For many years, I've been fascinated by true stories of innocent people who successfully defended themselves against violent attack. In many of these cases, victims used guns to fend off murderous thugs. Check out my website for information about my books, two of which describe in detail stories of intended victims who defended themselves with guns. Below are brief summaries of a few recent cases.

A couple of weeks ago, Ethel Jones, 69, gained Internet acclaim by shooting a burglar inside her Decatur, Alabama home. According to news reports, Michael Bynum was already on probation for burglary when he tore the air conditioner out of a window and entered Jones’ house. It was 3:00 a.m. as the intruder made the rounds of each room shining a pen-light. Jones, awakened by the commotion, pulled a .38-caliber revolver from beneath her pillow and opened fire. Bynum ended up in the local hospital with a bullet in his belly. “I hope this will make people have second thoughts before they break into a home in our neighborhood,” Jones said.

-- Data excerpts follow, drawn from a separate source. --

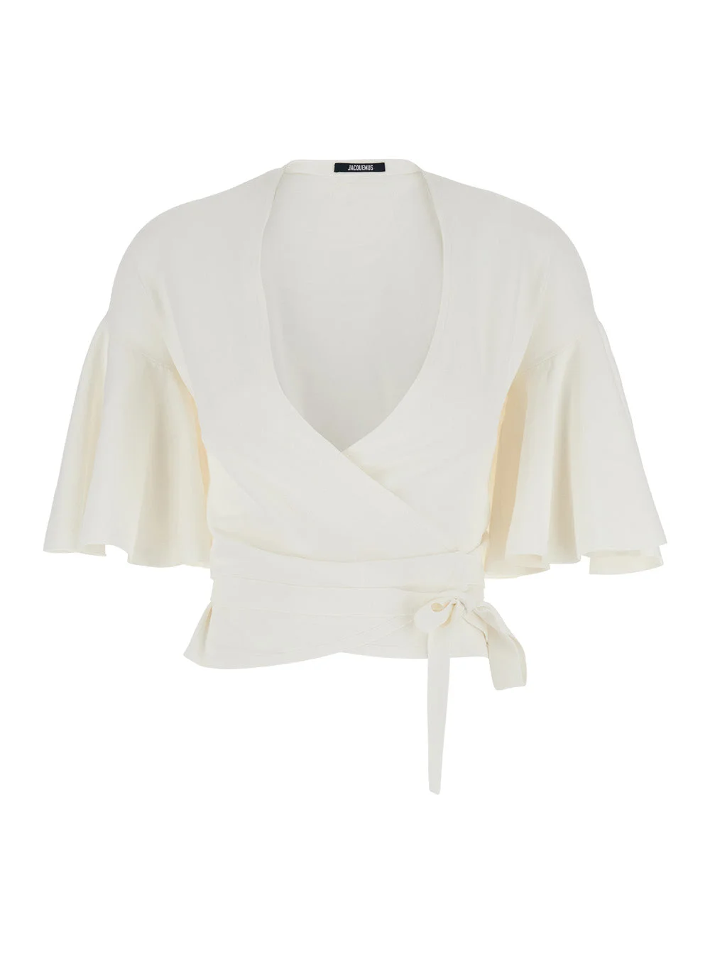 Jacquemus Women White Crossover Neck Top In Tech Fabric Woman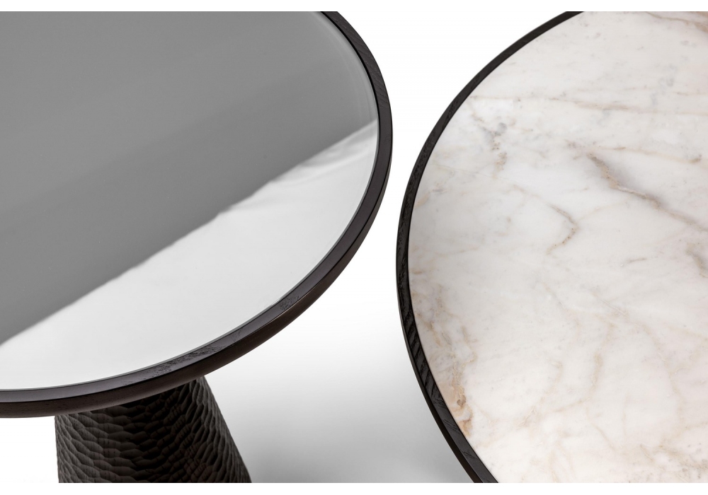 Duo Pedestal Table, entworfen von Roberto Lazzeroni, ist ein Beistelltisch, der aus einer Marmor- oder Glasplatte und einer konischen Struktur aus gebeizter massiver Esche besteht. Es ist in verschiedenen Größen und Ausführungen erhältlich.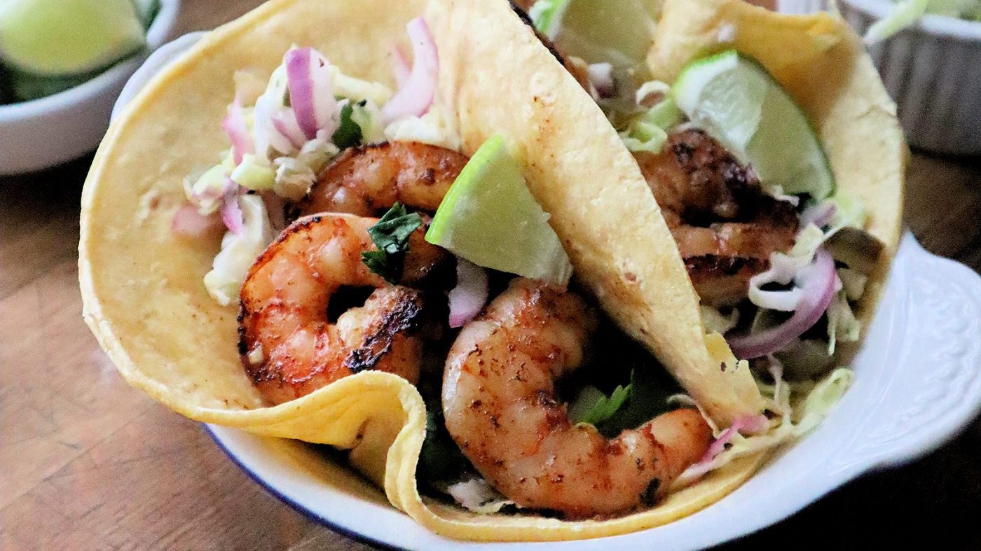 Tacos are a welcome weeknight meal because they don’t take a lot of time or effort. These feature quick marinated shrimp and an easy green cabbage slaw. They’re simple but super satisfying.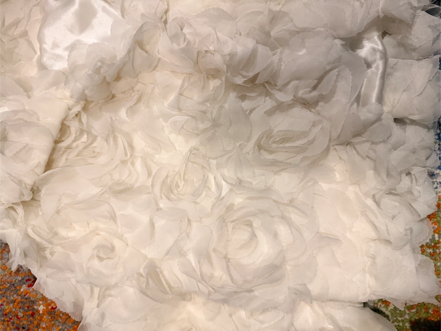 It is lovely for sure. This elegant white bolero jacket is adorned with delicate faux roses all over.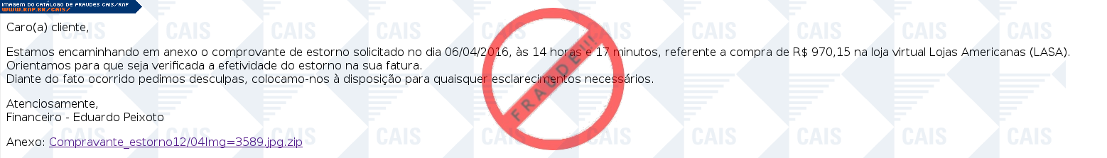 Esta página tem função informativa e educativa. Exibe uma coleção de imagens de phishing scam (fraudes eletrônicas) ou malware (código malicioso) veiculados por meio de spam (e-mail não-solicitado). Trata-se de conteúdo exemplificativo, não exaustivo, uma vez que não é possível contemplar todos os casos de fraudes existentes. Assim, caso você tenha conhecimento de um exemplar que não esteja aqui presente, isto não significa que não seja válido ou real. Inclusive incentivamos que você o envie para análise do CAIS para que, se for o caso, passe a integrar o nosso acervo.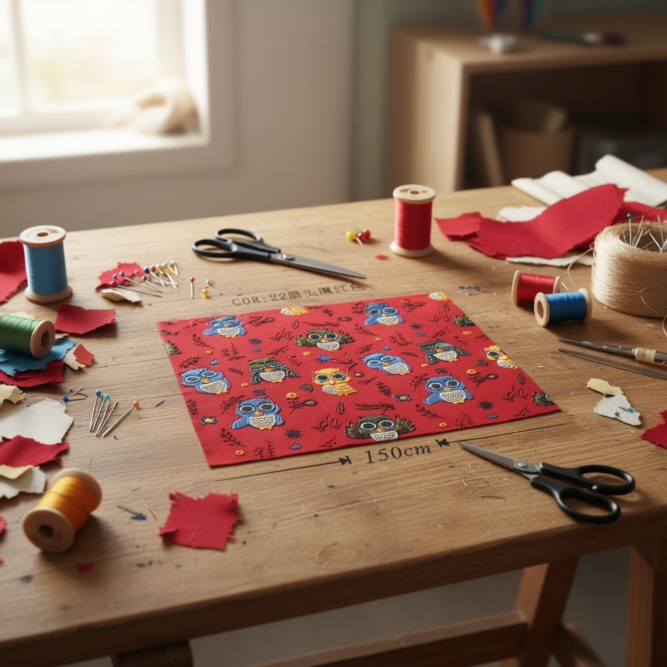 Accessorio in tessuto Iln 100 cm x 150 cm con stampa di gufo rosso per lavori artigianali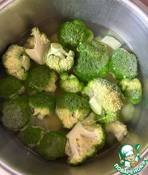 Отварить картофель и кочерыжку от брокколи около 7 минут, добавить соцветия и варить ещё 5 минут.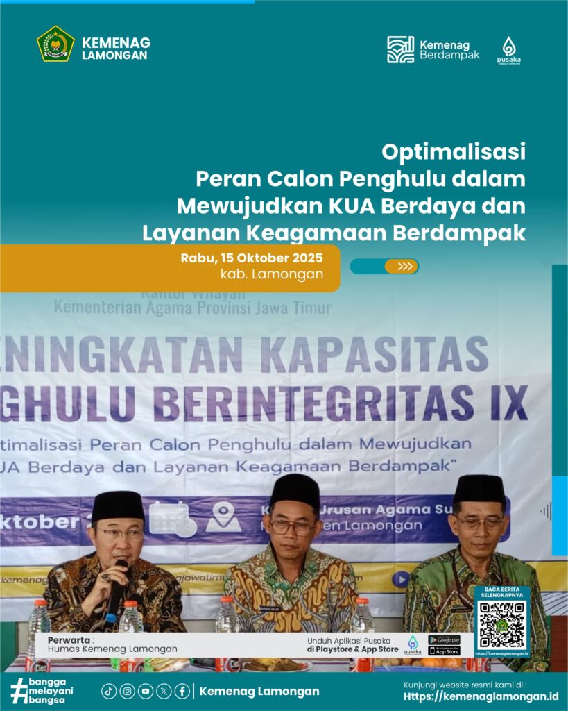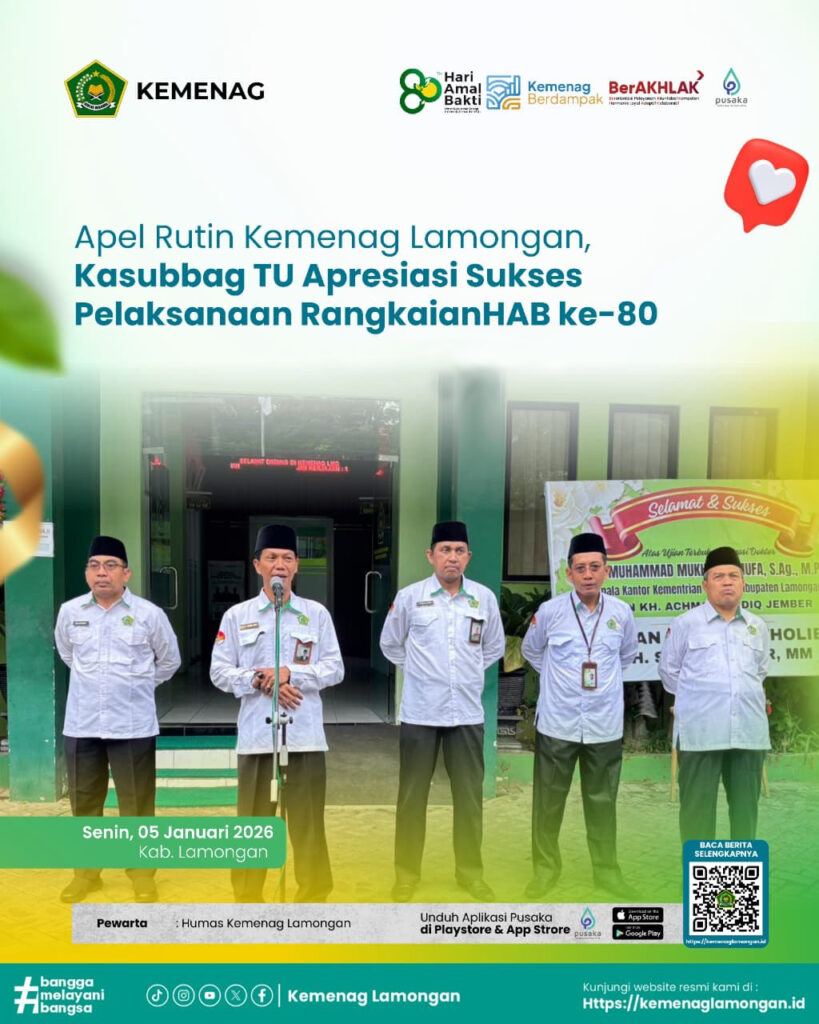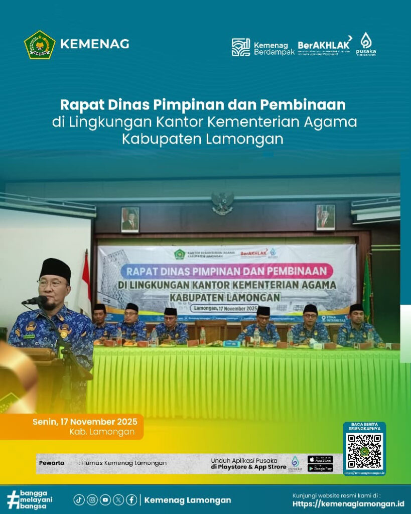Program Zona Integritas merupakan upaya kami untuk menciptakan lingkungan kerja yang bersih, transparan, dan akuntabel. Kami percaya bahwa dengan menerapkan prinsip-prinsip integritas, kami dapat memberikan pelayanan yang lebih baik kepada masyarakat dan meningkatkan kepercayaan publik terhadap institusi kami. Kami mengajak seluruh jajaran Kemenag Lamongan untuk berkomitmen dalam mewujudkan program ini. Melalui kerja sama yang solid, inovasi, dan dedikasi, kami yakin bahwa kita dapat mencapai tujuan bersama dalam menciptakan Kementerian Agama yang lebih baik.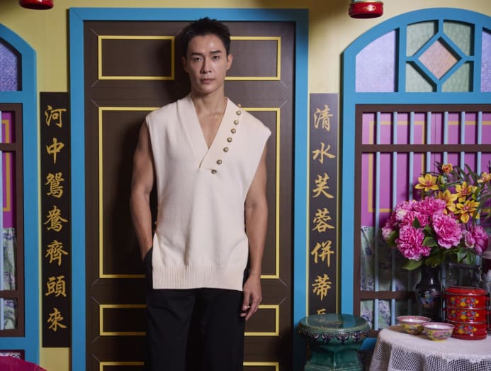 The 27-year-old Mediacorp actor is the only cast member not dressed in a suit. Instead, he is in a casual cream-coloured knit top that shows off his muscular arms and defined chest.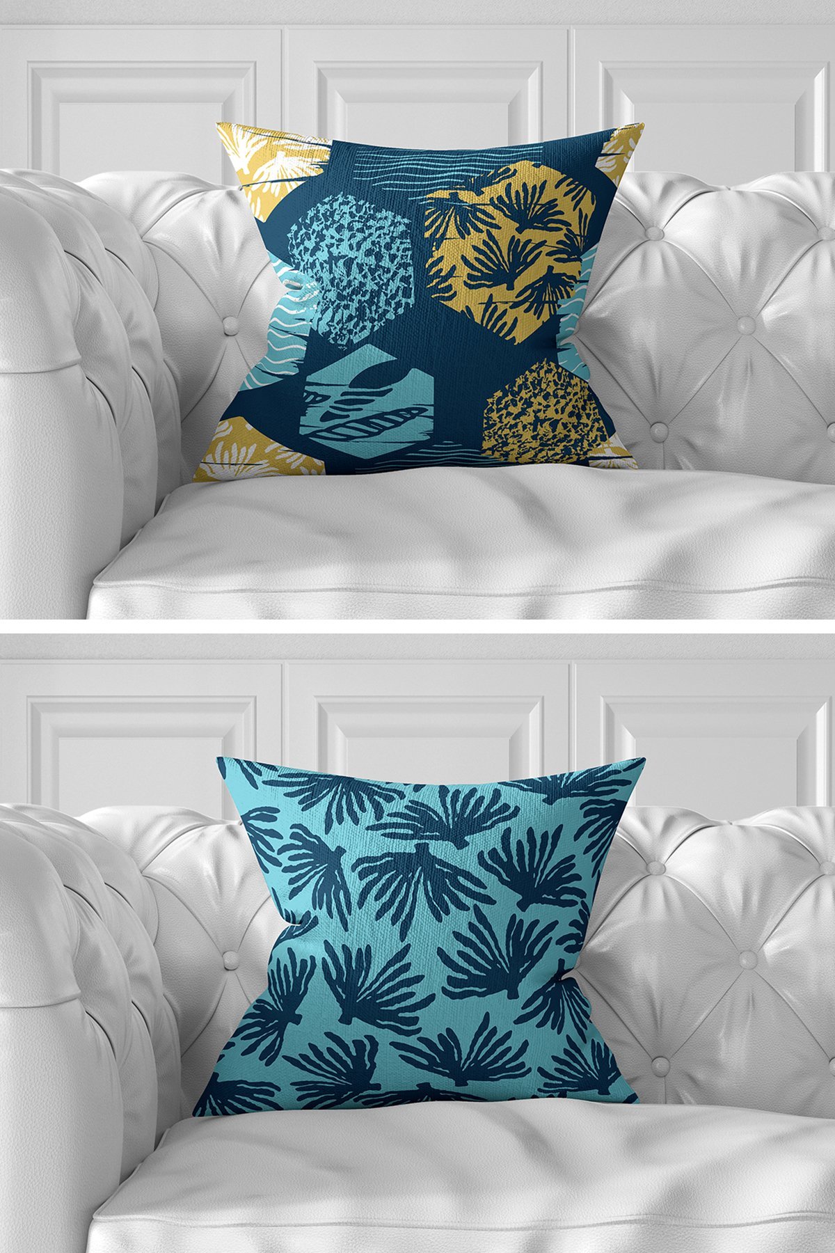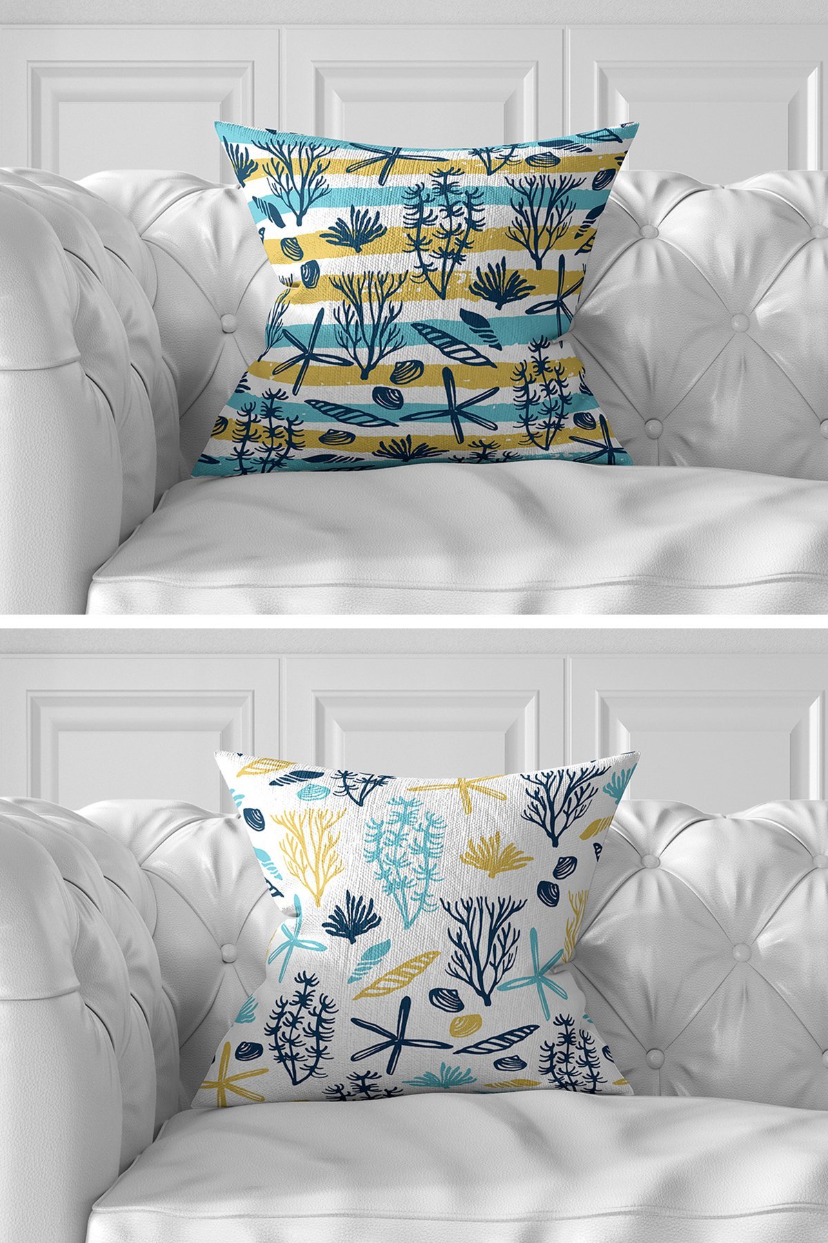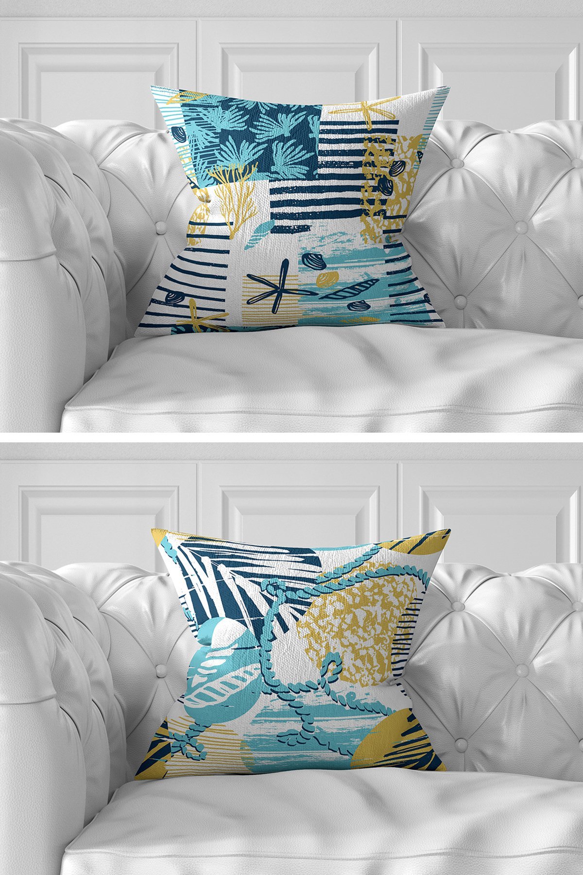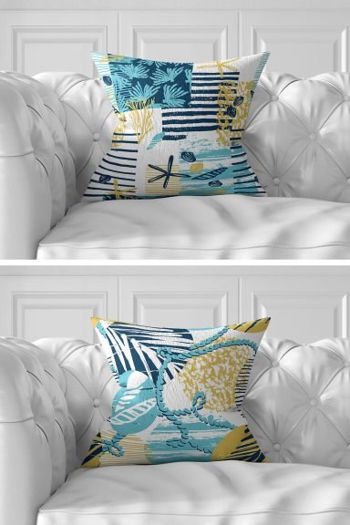7’li Renkli Deniz Yosunu Tasarımlı Dijital Baskılı Kırlent Kılıfı Seti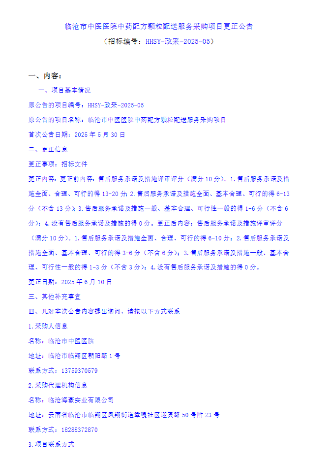 【临沧市中医医院】云南省临沧市中医医院中药配方颗粒配送服务采购项目更正公告1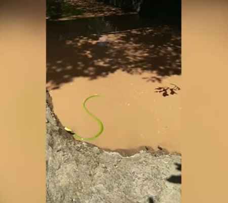 Moradores se reuniram para acompanhar um momento curioso, ao avistarem uma cobra verde de aproximadamente três metros de comprimento se contorcendo e espirrando água em um lago tailandês. As informações são do Sputnik.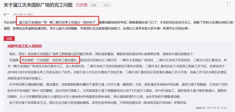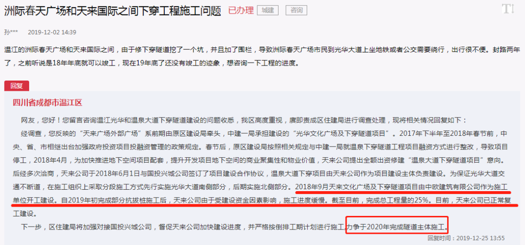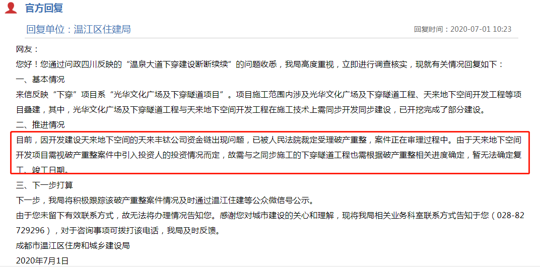 2020年7月初,温江区住建局回复表示:因开发建设天来地下空间的天来丰钛公司资金链出现问题,已被人民法院裁定受理破产重整,案件正在审理过程中。由于天来地下空间开发项目需视破产重整案件中引入投资人的投资情况而定,故需与之同步施工的下穿隧道工程也需根据破产重整相关进度确定,暂无法确定复工、竣工日期。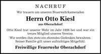Nachruf Wir trauern um unseren Feuerwehrkameraden Herrn Otto Kiesl aus Oberachdorf Otto Kiesl trat unserer Wehr im Jahr 1986 bei und war ein treues Mitglied unseres Vereins. Wir werden ihm stets ein ehrendes Gedenken bewahren. Seiner Familie gilt unser aufrichtiges Mitgefühl. Freiwillige Feuerwehr Oberachdorf

In my hometown of Ocala, Florida, a drug-crazed woman allegedly broke into the home of an elderly resident. Alicia Kwasny, a stranger to the homeowner, ran through the house screaming that snakes were chasing her. After the frightened resident fired a warning shot with a .25-caliber pistol, Kwasny ducked into a bathroom where she refused to come out. An article in the Ocala Star Banner reported that she was bruised and bleeding and clad only in her underwear. She later told police that she’d been smoking crack cocaine and had taken a Roxy pill. Kwasny stated that when she uses that combination of drugs, snakes always chase her. When she comes down off her high, she might consider herself lucky the resident used restraint and didn’t shoot her.

A Harrisburg, Pennsylvania man was violently attacked by two alleged robbers while delivering Chinese food to a home in a dilapidated neighborhood. Newspapers reported that after demanding money, the assailants punched the driver in the face and hit him over the head with a bottle. The deliveryman then pulled out a handgun and shot one of his attackers. The robbers ran away, but soon a 16-year-old was transported to a local hospital with a gunshot wound to the shoulder. Investigators determined that the wounded teenager was one of the robbers. After being treated, he was summarily arrested. Police stated that the deliveryman acted in self-defense--he was not charged with any crime.

In Pulteney, New York, Stephen Boychecko confronted a daylight burglar. A police report states that Michael Peterson broke into Boychecko’s home at about 7:10 p.m. (Peterson was already on probation for another break-in, and was suspected of being a serial burglar.) The elderly homeowner and his wife were napping in their bedroom when Boychecko heard the glass breaking from a nearby bathroom window. The resident grabbed a handgun and shot Peterson twice. The burglar was hospitalized. According to investigators, he will be jailed as soon as he recovers. Police stated that the homeowner will not be charged.